RNA-seq profiling of a radiation resistant and radiation sensitive prostate cancer cell line highlights opposing regulation of DNA repair and targets for radiosensitization

Abstract

Background: Radiotherapy is a chosen treatment option for prostate cancer patients and while some tumours respond well, up to 50% of patients may experience tumour recurrence. Identification of functionally relevant predictive biomarkers for radioresponse in prostate cancer would enable radioresistant patients to be directed to more appropriate treatment options, avoiding the side-effects of radiotherapy. Methods: Using an in vitro model to screen for novel biomarkers of radioresistance, transcriptome analysis of a radioresistant (PC-3) and radiosensitive (LNCaP) prostate cancer cell line was performed. Following pathway analysis candidate genes were validated using qRT-PCR. The DNA repair pathway in radioresistant PC-3 cells was then targeted for radiation sensitization using the PARP inhibitor, niacinimide. Results: Opposing regulation of a DNA repair and replication pathway was observed between PC-3 and LNCaP cells from RNA-seq analysis. Candidate genes BRCA1, RAD51, FANCG, MCM7, CDC6 and ORC1 were identified as being significantly differentially regulated post-irradiation. qRT-PCR validation confirmed BRCA1, RAD51 and FANCG as being significantly differentially regulated at 24 hours post radiotherapy (p-value =0.003, 0.045 and 0.003 respectively).

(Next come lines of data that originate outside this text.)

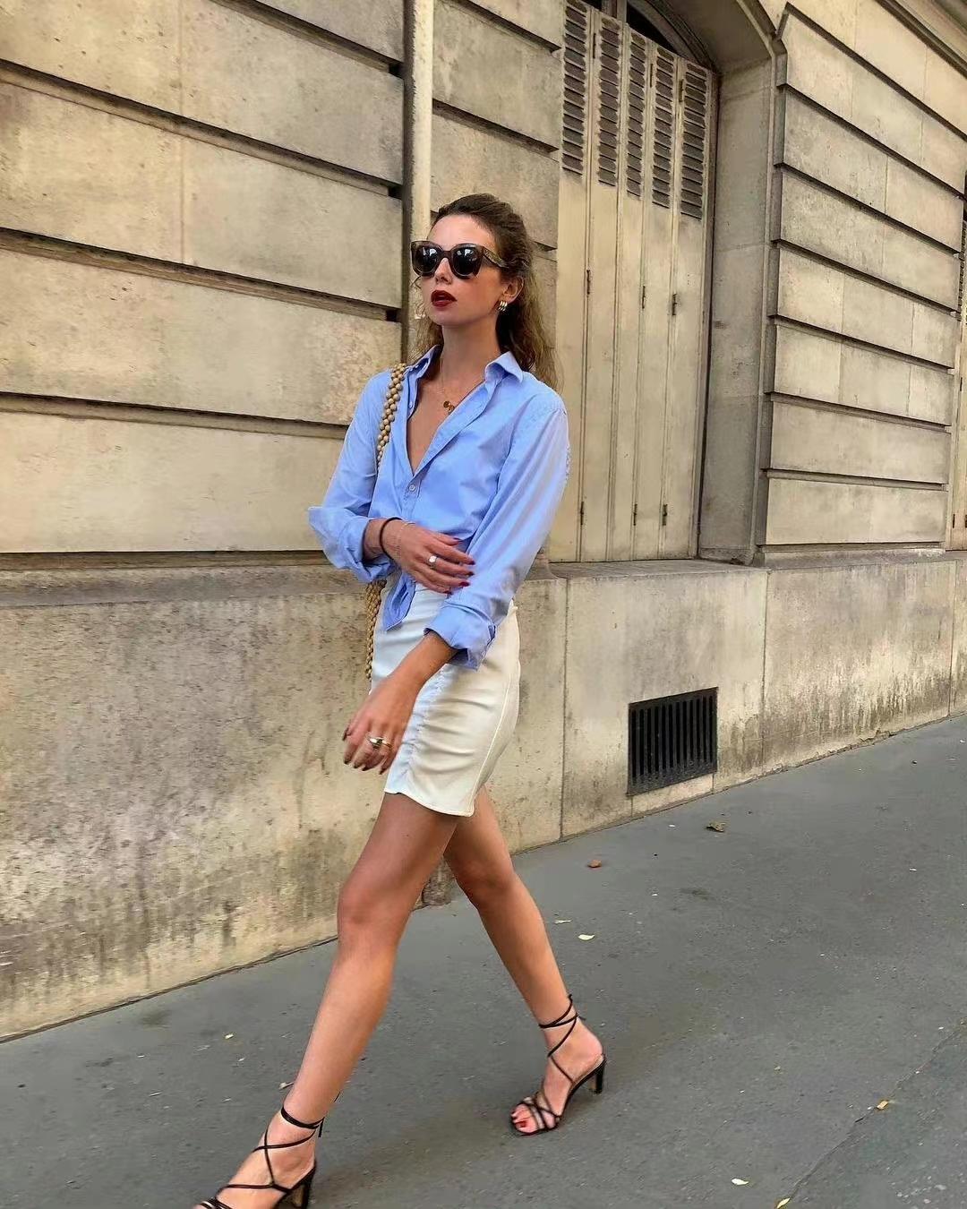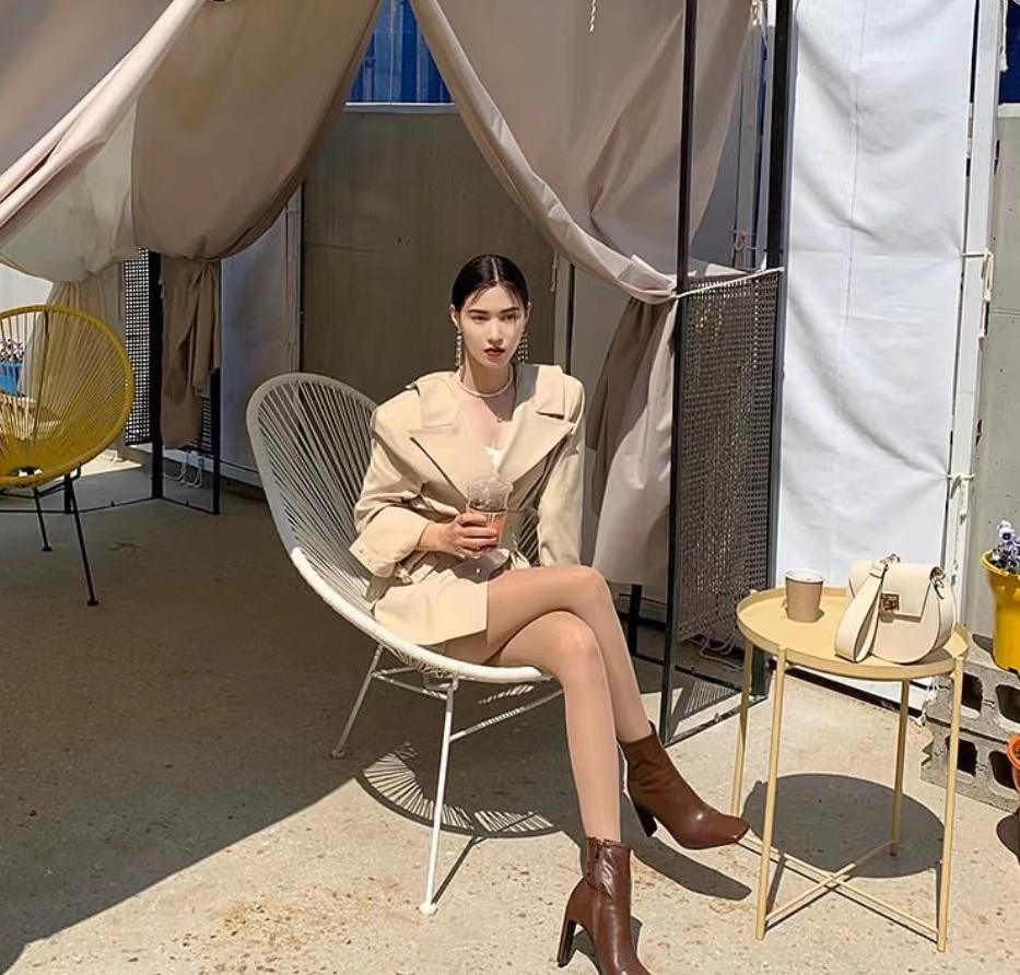 在高跟鞋的选择上,尽量选择细跟的,会更有时髦感和高级感。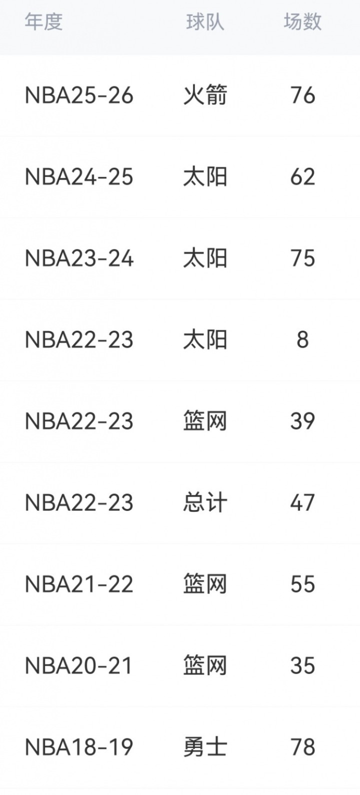 至此,杜兰特本赛季出场数达到了76场,创离开强者后新高(23-24赛季杜兰特在太阳曾出战75场)!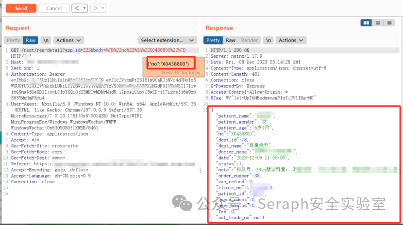 这个是订单详情的数据包,可以看到这个订单详情的数据包里面携带了用户的个人信息而且是明文的。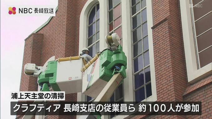 長崎市の浦上天主堂で15日、ボランティアによる清掃活動が行われました。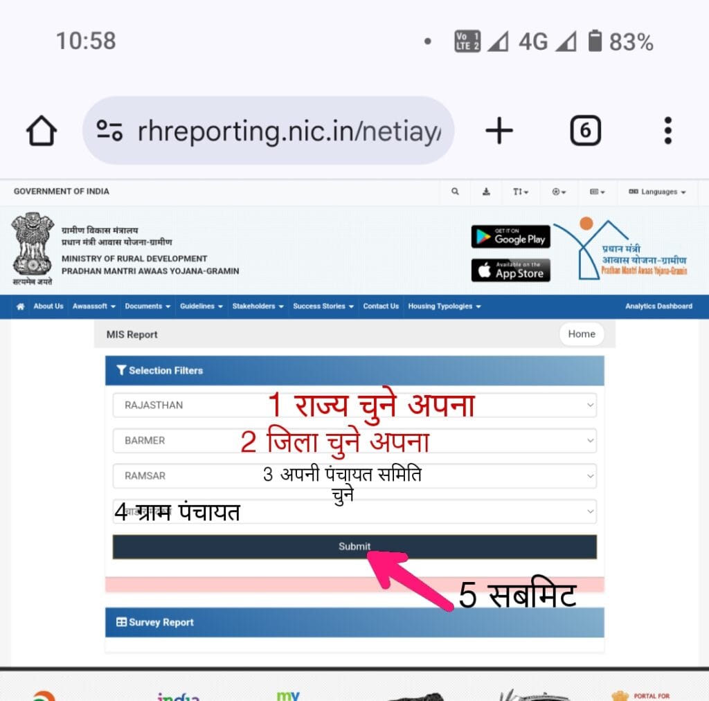 प्रधान मंत्री आवास सर्वे लिस्ट PM AAWAAS LIST 2025 मे अपना नाम देखने के लिए दिए गए लिंक पर क्लिक करके अपना राज्य , जिला , पंचायत समिति और अपनी ग्राम पंचायत भरके अपना नाम चेक कर सकते है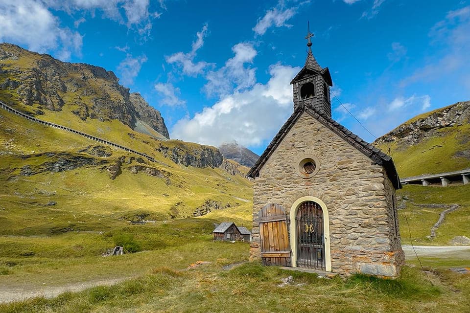 Bij het Pasterzenhaus ligt een opvallend kleine kapel in een ongekend fraai landschap. Je kunt hier de auto parkeren en naar de kapel lopen, waarbij je de fraaiste uitzichten hebt. In de verte is de weg zichtbaar, die als een slang over de berg kronkelt. Er gaat een wandelroute naar het iets verderop gelegen meer, waar je een kleine waterval kunt zien. Je ziet de kapel links van de weg liggen als je omhoog rijdt. Ik heb hem op de terugweg bezocht, er was niemand.

While the radiosensitive LNCaP cells down-regulated BRCA1, FANCG and RAD51, the radioresistant PC-3 cell line up-regulated these candidates to promote cell survival post-radiotherapy and a similar trend was observed for MCM7, CDC6 and ORC1. Inhibition of DNA repair using niacinamide sensitised the radioresistant cells to irradiation, reducing cell survival at 2 Gy from 66% to 44.3% (p-value =0.02). Conclusions: These findings suggest that the DNA repair candidates identified via RNA-seq hold potential as both targets for radiation sensitization and predictive biomarkers in prostate cancer.